### [Your assignment]
No picture should appear in the copy. Transcribe exactly, and only, the lines from the one with "The stage adopts" through the last line of the data below.
____________________
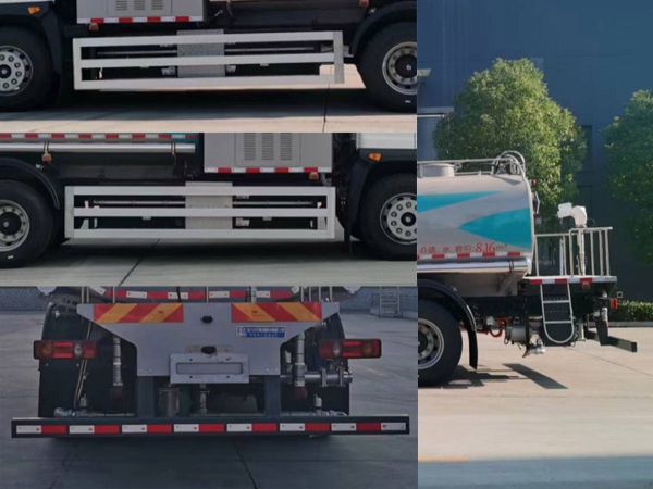 其它 | 1.該車裝備有罐體,噴水架等專用作業裝置,用于實現道路的清潔、灑水作業;2.罐體總容量8.56立方米,有效容積:8.16立方米,罐體外形尺寸(長×寬×高)mm:3600×2400×1440,運輸介質:水,密度1000千克/立方米;3.儲能裝置種類/單體生產企業/總成生產企業:磷酸鐵鋰蓄電池/寧德時代新能源科技股份有限公司/寧德時代新能源科技股份有限公司;4.驅動電機類型為永磁同步電機,額定功率為105kW,峰值功率為165kW;5.ABS型號/生產企業:CM4XL-4S/4M/廣州瑞立科密汽車電子股份有限公司;6.側防護材料:鋁合金,連接方式為螺栓連接;后防護材料:Q235,連接方式:螺栓連接,后防護斷面尺寸:60×120(mm),離地高度為430mm;7.該車選用4500mm軸距,整車長度(mm)/前伸(mm)/接近角(°)對應關系:9500/1000/6,9400/900/6,9100/600/11,8500/0/11,選裝前噴水架,前置電子水炮. | ||
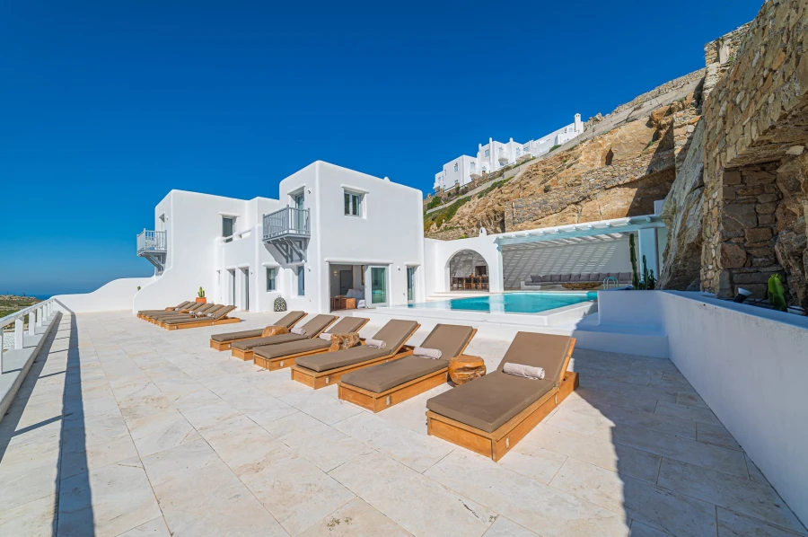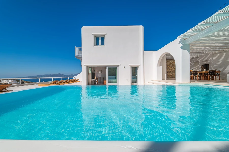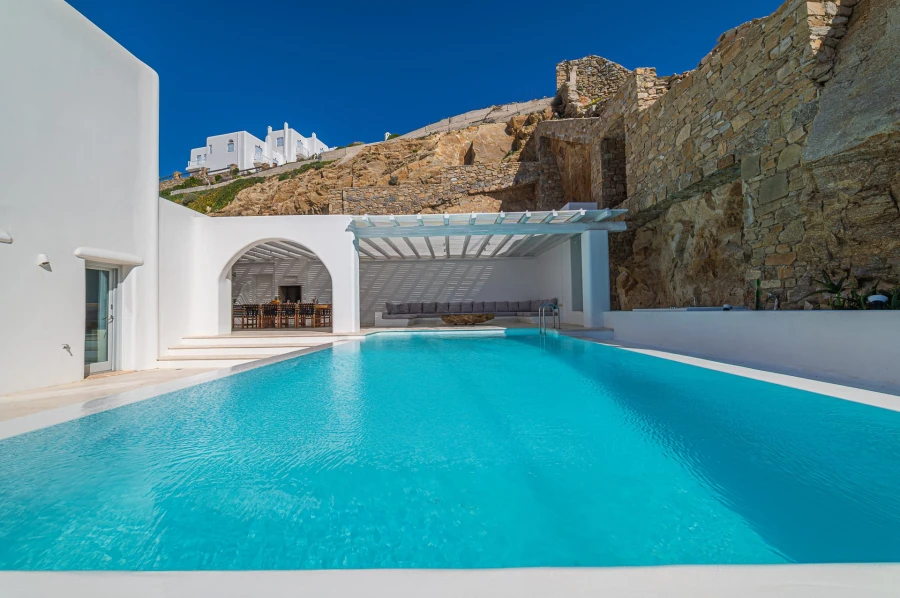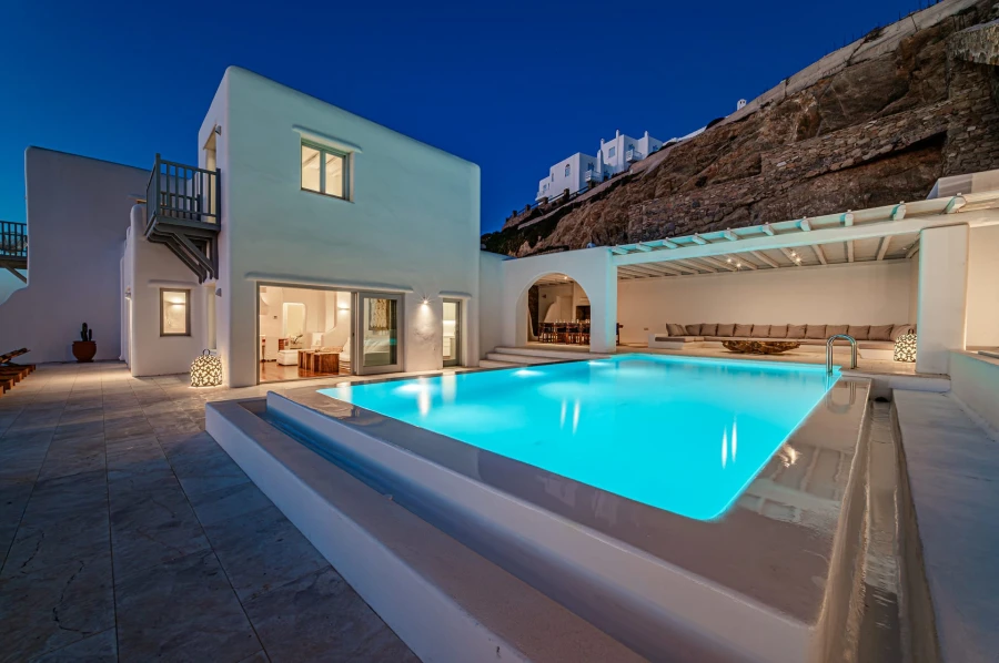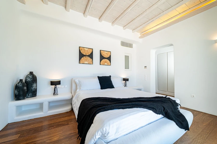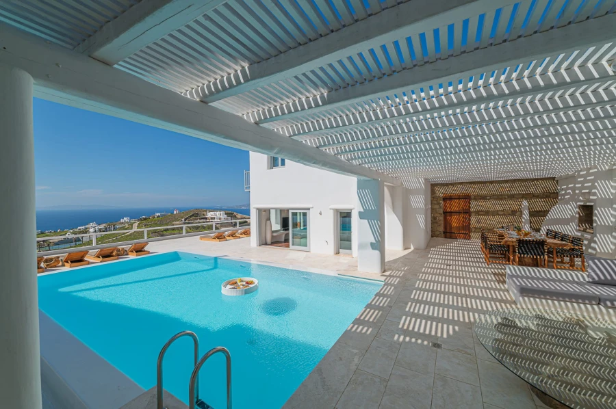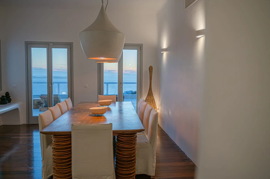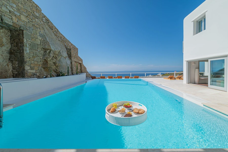 Blending traditional Cycladic architecture with sleek, modern design, the villa offers a refined atmosphere both indoors and out. The highlight is a 50 m² infinity pool that seems to melt into the horizon, offering front-row seats to breathtaking sunsets.
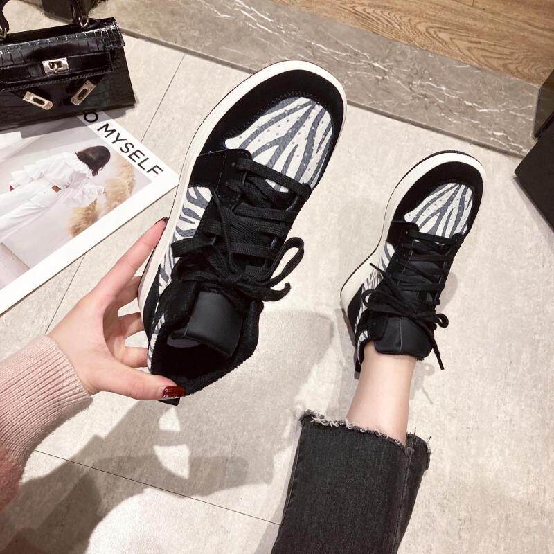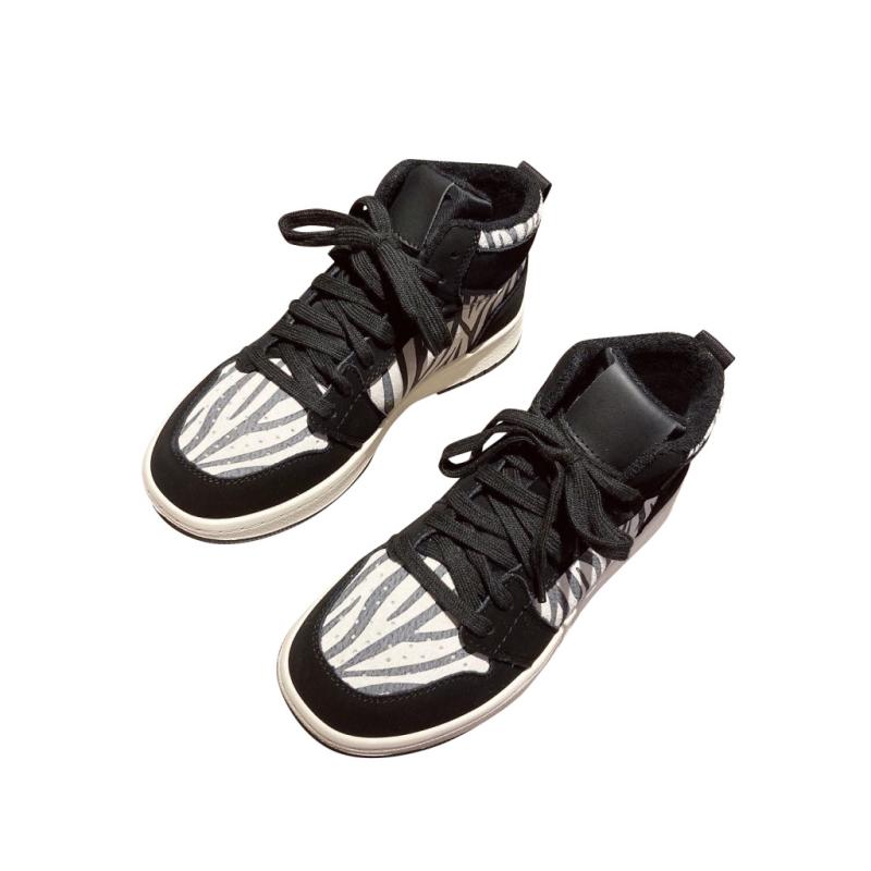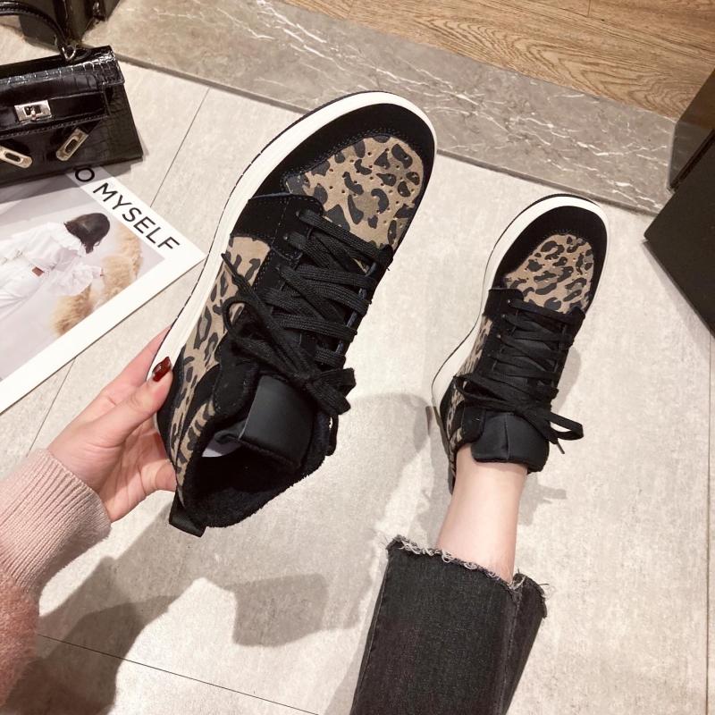 百搭加绒运动板鞋 真皮休闲鞋 豹纹高帮鞋 韩版 潮 女平底2025秋冬新款
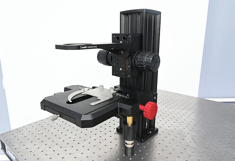 The stage adopts ball bearing drive, with a vernier scale of 100μm precision on the edge of each axis for easy sample positioning.
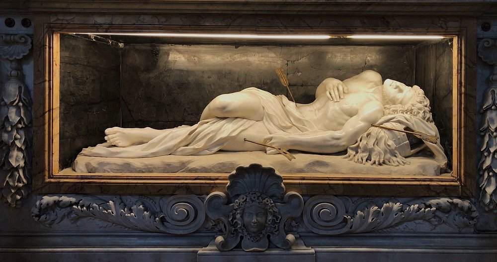 - La Cripta di San Sebastiano: Cuore del complesso, ospita l’altare dove un tempo riposava il corpo del Santo. Qui domina la scena il capolavoro scultoreo di Giuseppe Giorgetti (su disegno di Gian Lorenzo Bernini): una statua in marmo che ritrae il santo martire nel momento supremo, trafitto dalle frecce.
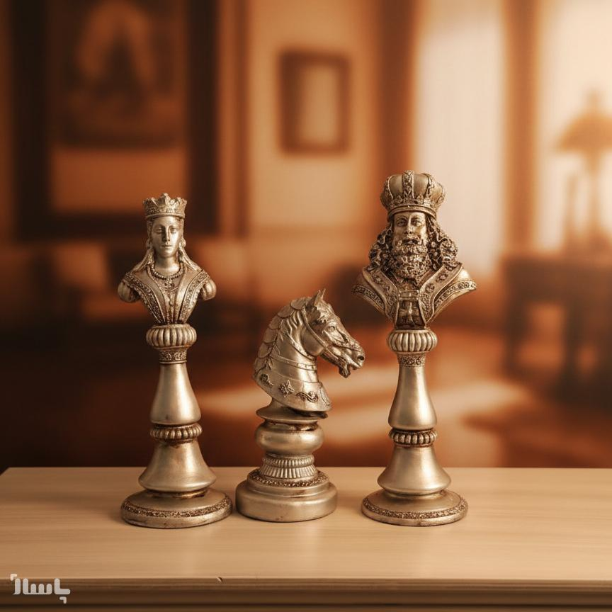این ست مجسمه سهتایی با الهام از بازی استراتژیک شطرنج، نمادی از قدرت، نجابت و هوش است. جزئیات دقیق و بافت سلطنتی این مجسمهها، آنها را به یک نقطه کانونی چشمگیر در فضای زندگی یا کار شما تبدیل میکند. این ست، شکوه و وقار سبکهای دکوراسیون کلاسیک، نئوکلاسیک و حتی گوتیک را به خوبی منعکس میکند.
____________________
### [Answer space]
 The stage adopts ball bearing drive, with a vernier scale of 100μm precision on the edge of each axis for easy sample positioning.
 - La Cripta di San Sebastiano: Cuore del complesso, ospita l’altare dove un tempo riposava il corpo del Santo. Qui domina la scena il capolavoro scultoreo di Giuseppe Giorgetti (su disegno di Gian Lorenzo Bernini): una statua in marmo che ritrae il santo martire nel momento supremo, trafitto dalle frecce.
این ست مجسمه سهتایی با الهام از بازی استراتژیک شطرنج، نمادی از قدرت، نجابت و هوش است. جزئیات دقیق و بافت سلطنتی این مجسمهها، آنها را به یک نقطه کانونی چشمگیر در فضای زندگی یا کار شما تبدیل میکند. این ست، شکوه و وقار سبکهای دکوراسیون کلاسیک، نئوکلاسیک و حتی گوتیک را به خوبی منعکس میکند.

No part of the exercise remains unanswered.